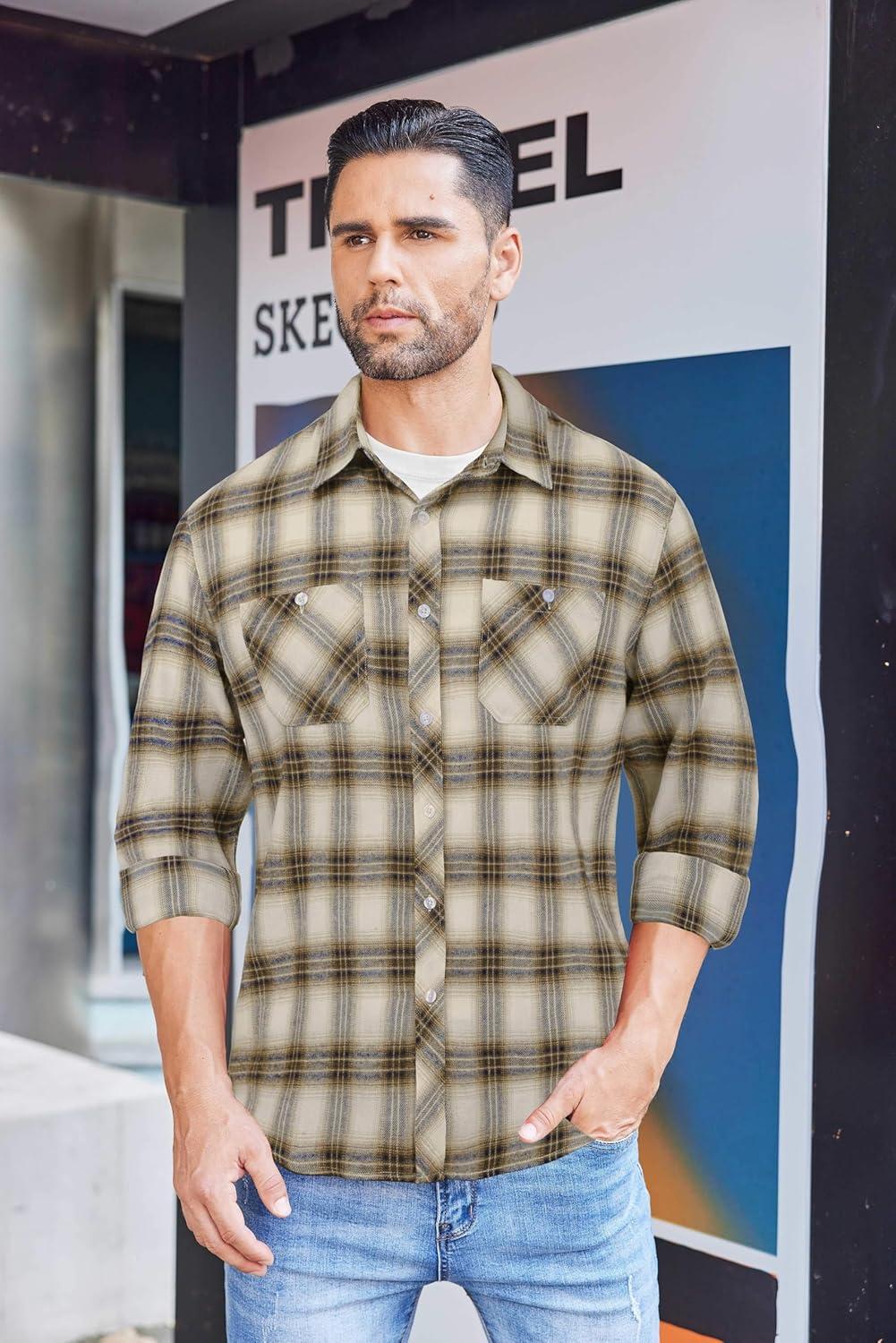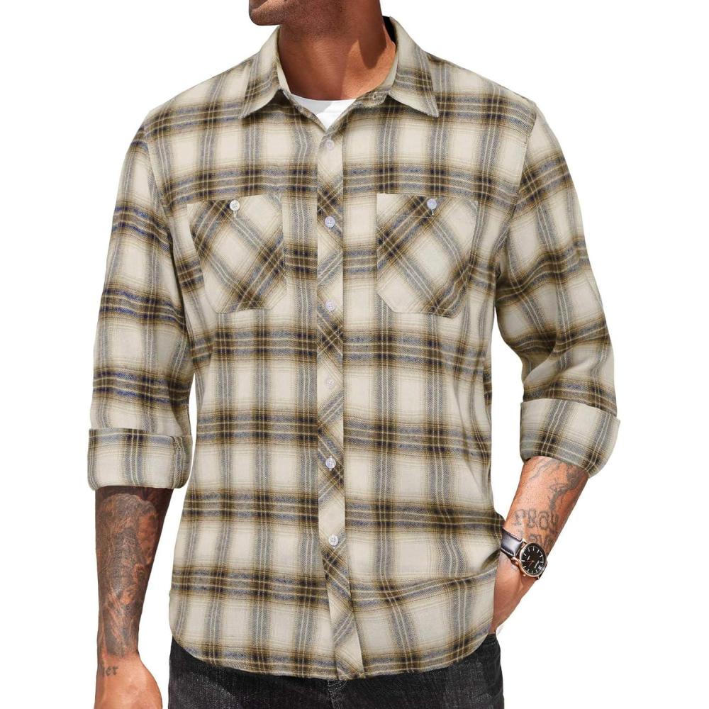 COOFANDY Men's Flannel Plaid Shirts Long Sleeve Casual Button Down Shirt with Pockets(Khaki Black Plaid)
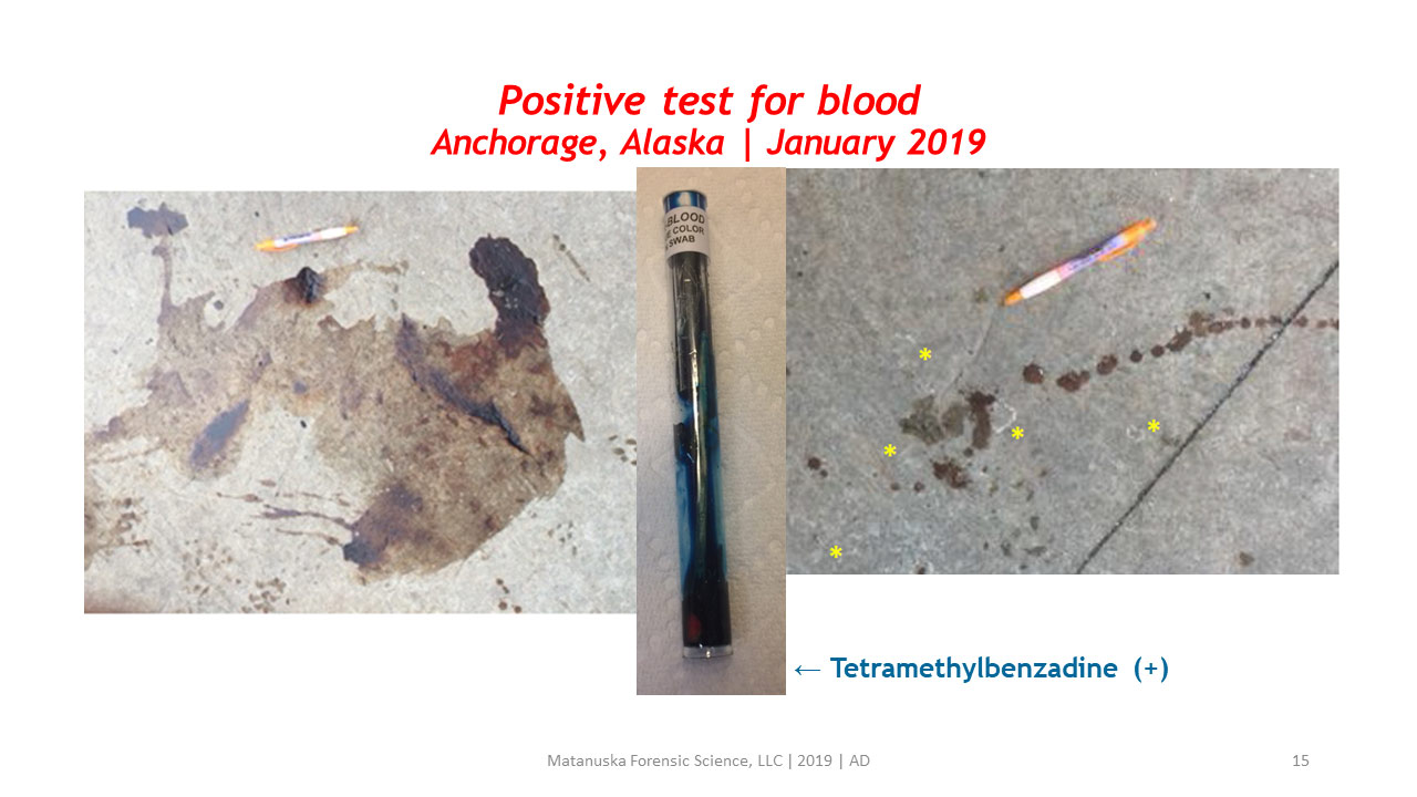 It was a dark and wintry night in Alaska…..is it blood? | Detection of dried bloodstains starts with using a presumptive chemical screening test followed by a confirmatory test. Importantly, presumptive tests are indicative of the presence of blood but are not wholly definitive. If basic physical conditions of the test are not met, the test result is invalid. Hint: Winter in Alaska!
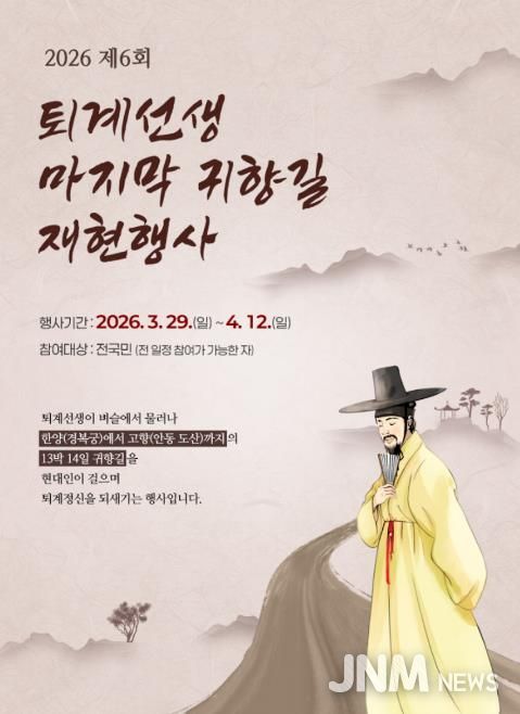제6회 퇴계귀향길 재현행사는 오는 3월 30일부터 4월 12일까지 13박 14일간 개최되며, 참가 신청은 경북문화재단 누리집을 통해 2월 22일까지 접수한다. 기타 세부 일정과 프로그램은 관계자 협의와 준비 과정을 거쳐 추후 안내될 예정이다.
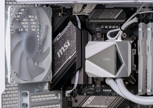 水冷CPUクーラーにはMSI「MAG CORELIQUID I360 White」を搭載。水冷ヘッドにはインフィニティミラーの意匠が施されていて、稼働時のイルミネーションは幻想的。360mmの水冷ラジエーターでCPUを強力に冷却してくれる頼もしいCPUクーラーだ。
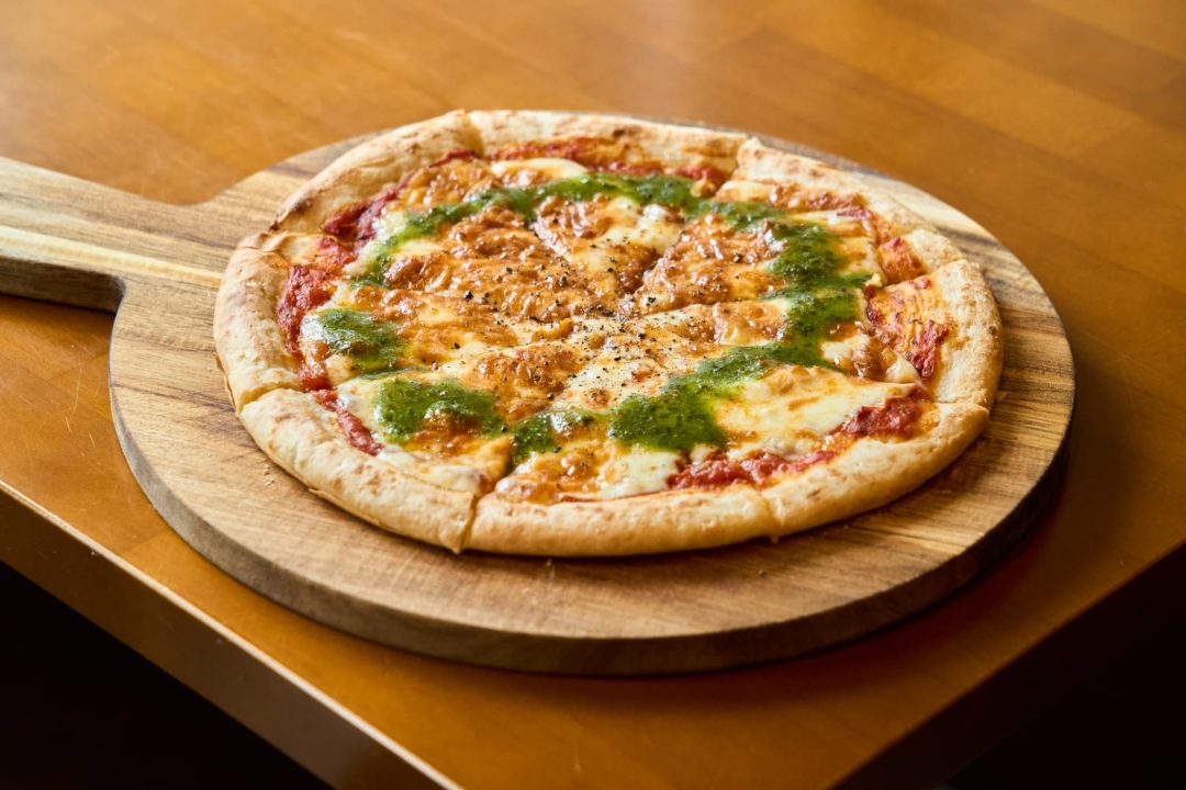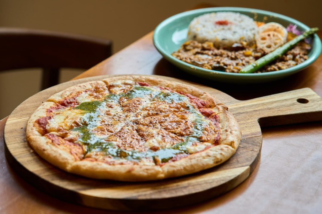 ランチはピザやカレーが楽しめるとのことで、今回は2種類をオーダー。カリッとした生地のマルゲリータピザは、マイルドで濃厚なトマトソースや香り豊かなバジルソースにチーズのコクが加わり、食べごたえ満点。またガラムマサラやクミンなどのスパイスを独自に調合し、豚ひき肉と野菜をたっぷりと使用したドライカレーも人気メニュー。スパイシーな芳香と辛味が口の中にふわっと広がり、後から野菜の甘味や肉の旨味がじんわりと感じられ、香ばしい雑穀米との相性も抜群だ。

────────────────────

_Task item_
An exact copy is required of the lines from the start of the records above through the line with "제6회 퇴계귀향길 재현행사는", and only those, without any pictures.

_Solution_
 COOFANDY Men's Flannel Plaid Shirts Long Sleeve Casual Button Down Shirt with Pockets(Khaki Black Plaid)
 It was a dark and wintry night in Alaska…..is it blood? | Detection of dried bloodstains starts with using a presumptive chemical screening test followed by a confirmatory test. Importantly, presumptive tests are indicative of the presence of blood but are not wholly definitive. If basic physical conditions of the test are not met, the test result is invalid. Hint: Winter in Alaska!
제6회 퇴계귀향길 재현행사는 오는 3월 30일부터 4월 12일까지 13박 14일간 개최되며, 참가 신청은 경북문화재단 누리집을 통해 2월 22일까지 접수한다. 기타 세부 일정과 프로그램은 관계자 협의와 준비 과정을 거쳐 추후 안내될 예정이다.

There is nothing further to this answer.